SpaceShipOne Rockets To 68,000 Feet

ehartwell writes "According to Space.com, Scaled Composite's SpaceShipOne flew its first rocket-powered flight today, the 100th anniversary of the Wright Brothers' 12-second first flight. SpaceShipOne's engine burned for 15 seconds, pushing it to Mach 1.2 (930 mph) and a peak altitude of 68,000 feet. To win the X-Prize they need to reach 330,000 feet twice within 2 weeks."

Re:Looks bad for Carmack

[savuporo]

they're nowhere near completing assembly of their full-size rocket

On the contrary

IMO, they are quite far along, i'd expect a hover test in a week or two ( if not for the _damn_ holidays )
BTW, as you probably know, official X-Prize flight attempt has to be announced at least two months in advance, so everybody still has a chance, as Rutan hasnt made such announcement yet.

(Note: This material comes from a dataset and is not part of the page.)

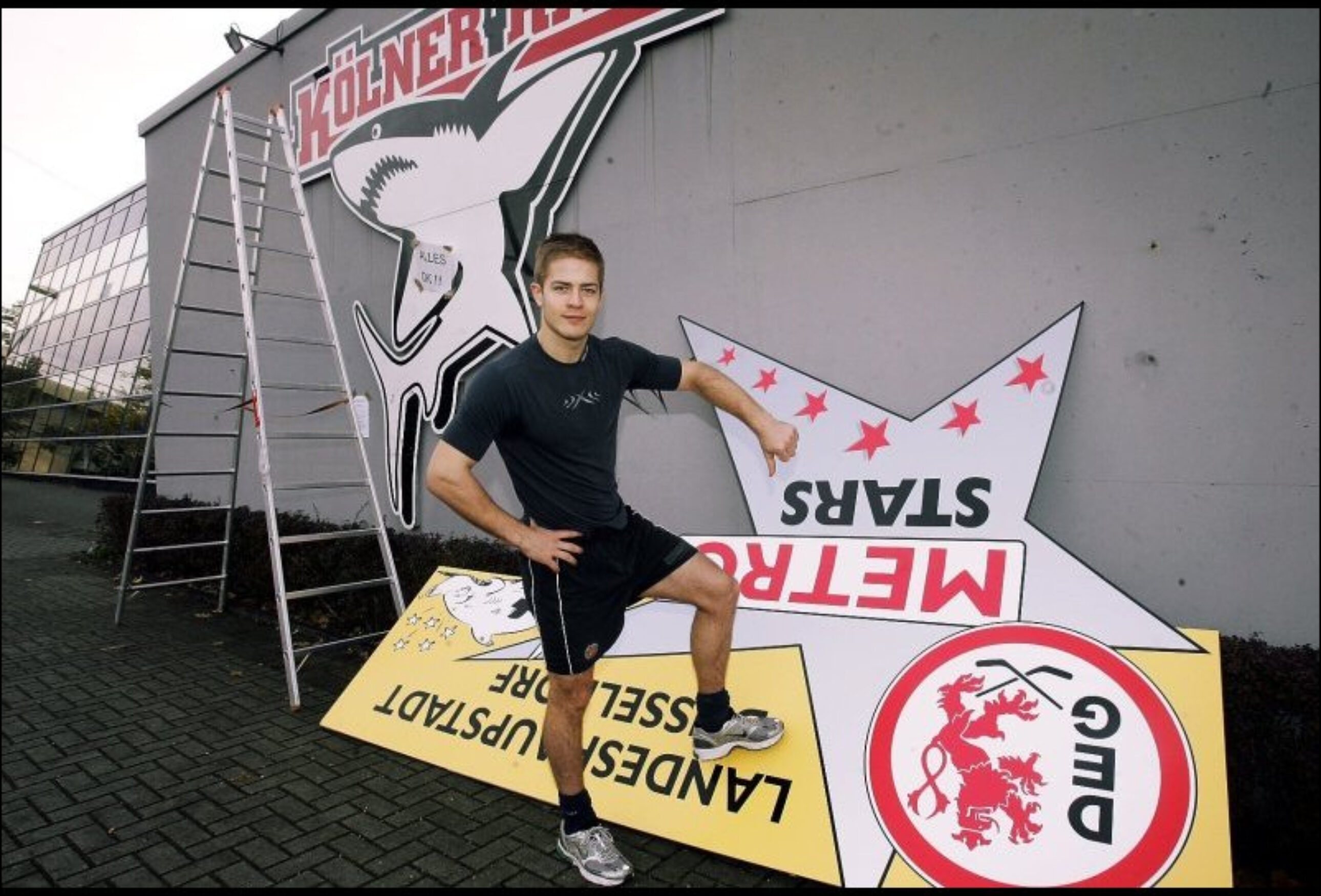 Die Haie nahmen´s sportlich – mussten aber natürlich umgehend reagieren. Haie-Verteidiger Moritz Müller entfernte das falsche Logo beherzt. Ein wenig Mitleid mit den Dorf-Bewohnern schwang hierbei mit, denn im Hinweis der DEG-Fans, dass das Dorf ja auch Landeshauptstadt sei, hatte sich ein fieser Tippfehler eingeschlichen. „Das konnte man nicht anders erwarten“, so Müller schmunzelnd.

On the landing gear failure

[Woutepout]

It appears that White Knight had a landing gear problem on the previous flight as well. Knowing that most systems on the two craft are identical, this could mean that there is a (serious?) problem with the landing gear design. So they're probably in for a very thorough re-examination of the relevant systems. But they're probably on top of things and it's hard to say anything sensible about it without inside-information.

PRIVATE commercial supersonic flight yet to happen

[Julian+Morrison]

Concorde was a state funded project, almost exclusively flown by state subsidised airlines bearing national badges (Air France and British Airways).

Re:What's the big deal about rocket science?

[Dr.+Zowie]

It's not hard in principle. As they say, ``the Devil's in the details''. You've got a very hot, combusting mixture under high pressure, right next to large tanks of explosive rocket fuel, and everything has to be light, light, light to fly well -- so you use the lightest, thinnest metal you think you can get away with. And, of course, the metal has to operate at much higher temperatures than you normally encounter, and still have enough strength to avoid blowing up during thrust.

If the rocket didn't have to fly, you could just put loads of engineering margin into every part, and end up with something big and heavy but reliable. But you can't, because "big and heavy" won't get off the ground.

The sheer amount of power that has to converted from chemical to mechanical energy is staggering. In a liquid-fueled rocket engine, you have to push fuel into the chamber against the pressure of combustion. That turns out to be very hard, since you have to move a LOT of fuel and the pressure has to be HIGH for good efficiency. Just the pumping requires a major engineering effort to handle the power required to drive the pumps.

If you have cryogenic liquid propellants (the most efficient for tankage), you have all kinds of material-science problems from the temperature extremes. If you fly less exotic materials, like nitrous oxide, you have less mass margin because the tank is heavier.

Then there are all kinds of weird pitfalls like uneven distribution within the combustion chamber; uneven fuel/oxidiser mixing; choked fuel flow; accumulation of large volumes of fuel mix (which have an alarming tendency to explode later if they don't burn instantly); quenching of the burn by the amazing volume of stuff flowing into the chamber; eddies and cavitation in the turbulent flow out the throat of the engine; detonation (makes your car engine knock, makes your rocket explode); things shaking loose because of the engine's vibration; the nozzle itself starting to combust, ablate, or burn-through; and making a poorly designed nozzle that limits your thrust.

None of those things is unsurmountable -- it's having to get everything more or less right the first time that is the real kicker.